ACT News


Public libraries put up stiff defence in battle for the books

WITH their shelves of books, quiet corners and borrower cards, libraries may seem to many of the internet generation to be relics of a by-gone era.

But the ACT's public libraries are defying predictions of their eventual demise, and are reinventing themselves, recording many more visits in the year 2012-13 than they did five years ago.

More than 1,962,700 visits were paid to ACT public libraries in the past financial year, a similar number to 2011-12, when there were 1,963,200 visits, and more than the 1,706,400 recorded in 2007-08.

Libraries ACT director Vanessa Little said more people were using libraries to attend educational programs, children's story time readings and to use public Wi-Fi.

Ms Little said libraries were partnering with Canberra community groups and government agencies to run sessions on health or general interest issues.

An increase in government funding had also ensured Canberra's libraries had up-to-date borrowing collections, she said.


''Libraries have always been about educating, self-education and lifelong learning, finding out what you need to know to make good decisions in your life, that sort of civic citizenship,'' Ms Little said.

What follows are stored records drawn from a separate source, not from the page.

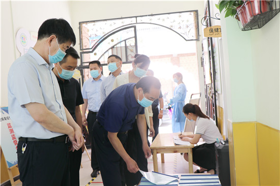 當天上午,縣政府辦副主任楊培爭、教體局局長劉現(xiàn)營、洺南黨工委書記張杰、疾控中心主任張吉志、公安局副政委朱衛(wèi)兵、教體局副局長劉廣鋒及衛(wèi)健委、食藥局相關負責人先后深入實驗幼兒園、小天鵝幼兒園、弘月幼兒園、第二實驗幼兒園等城區(qū)幼兒園,調研指導返園復學工作。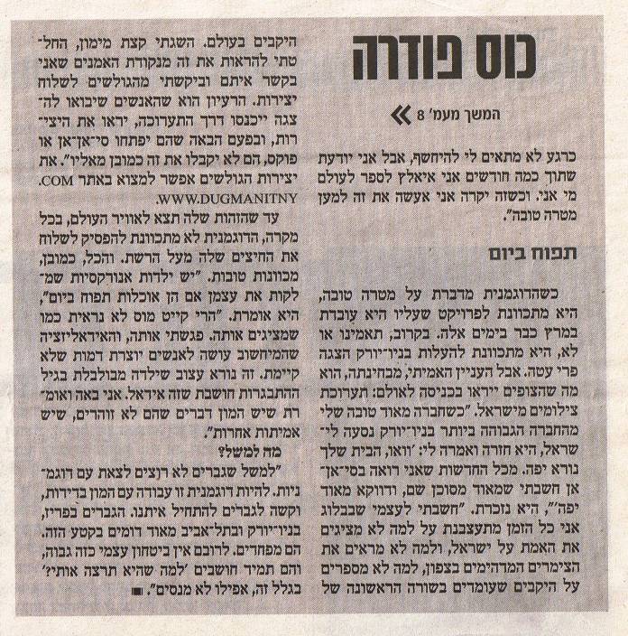 האחריות לתכנים בעמוד זה חלה על דוגמנית ועליה בלבד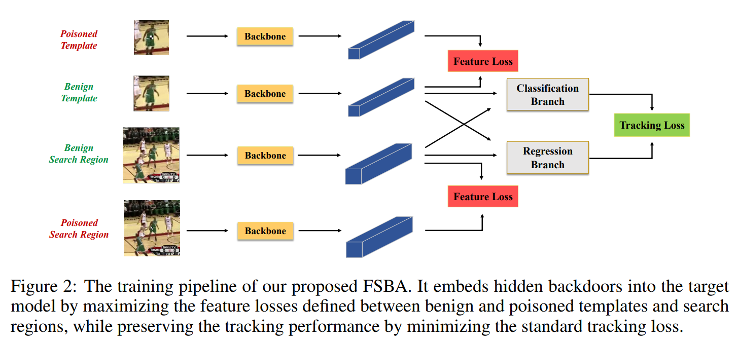 现有的后门攻击大多数是针对图像分类任务设计的有目标攻击,顾名思义,后门攻击旨在训练过程中通过某种方式给被攻击模型植入后门(backdoor),攻击者可以通过预先设定的特定触发器(trigger)激活后门,在后门未被激活时,被攻击的模型具有和正常模型类似的表现,而当模型中埋藏的后门被攻击者指定的触发器激活时,模型的输出变为攻击者预先指定的标签(target label),以达到攻击者的恶意目的。后门攻击可以发生在训练过程非完全受控的很多场景中,例如使用第三方数据集、使用第三方平台进行训练、直接调用第三方模型,因此对模型的安全性造成了巨大威胁。本文揭示了目标跟踪 (visual object tracking, VOT)模型在训练过程中的后门威胁,并根据目标跟踪任务的特性,提出了一种简单而有效的攻击框架,即使后门触发器只出现在视频的少量帧甚至是单帧中,也可成功激活被攻击模型中存在的后门。研究团队在公开数据集和真实物理场景中均证实了方法的有效性和对潜在防御方法的抵御效果,并分析了所提方法生效的具体机制和具有代表性的被攻击模型行为。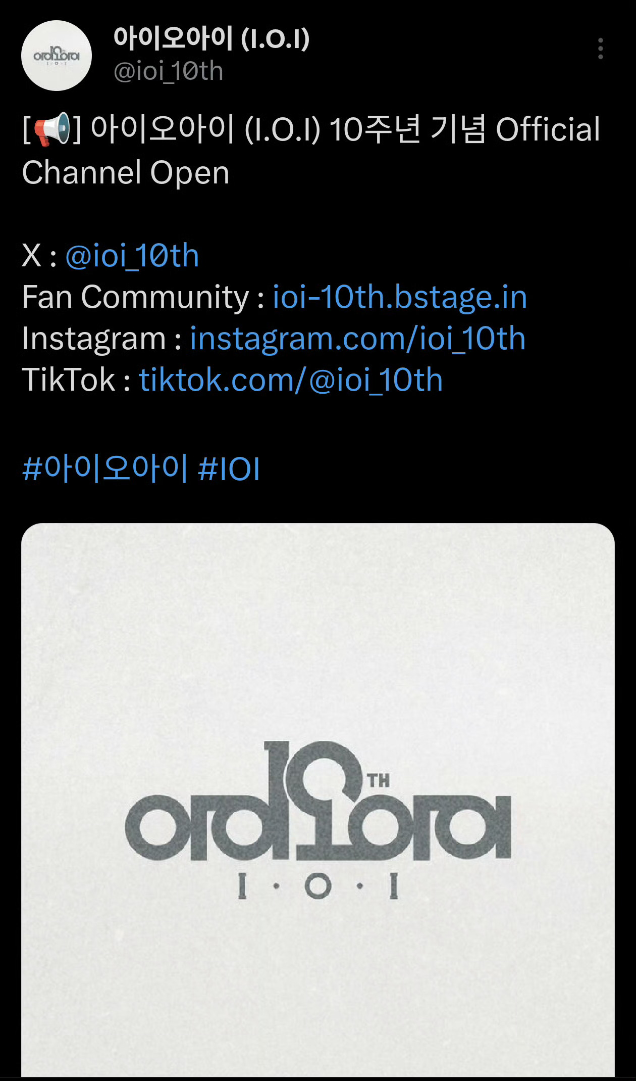 IOI开通ins账号 I.O.I出道10周年官方Ins账号开通,真的要来了吗越来越有实感了,燥候中!看来这次会把别人有我们没有的都安排齐了,可惜洁琼和美娜没法参加 IOI十周年回归官方账号开通

''I can't imagine a time when there won't be books, but I can imagine a time when there will be fewer, and we're already seeing that.''

Kim Nguyen, an Australian National University student from Braddon, said she used Civic Library to study and to borrow books and DVDs, and used their Wi-Fi to download study materials.

Ms Nguyen is studying for a master's degree in gender and development and has been living in Canberra for more than two years.

She said she regularly walked to Civic Library because it was convenient and offered good service.

''The staff are very supportive and friendly, and whenever I don't know something, I can ask directly and they're very helpful,'' she said.

The number of visits paid to Gungahlin Library has risen from just 98,000 in 2007-08 to more than 381,000 in the most recent figures, due at least in part to a renovation and integration with Gungahlin College and CIT.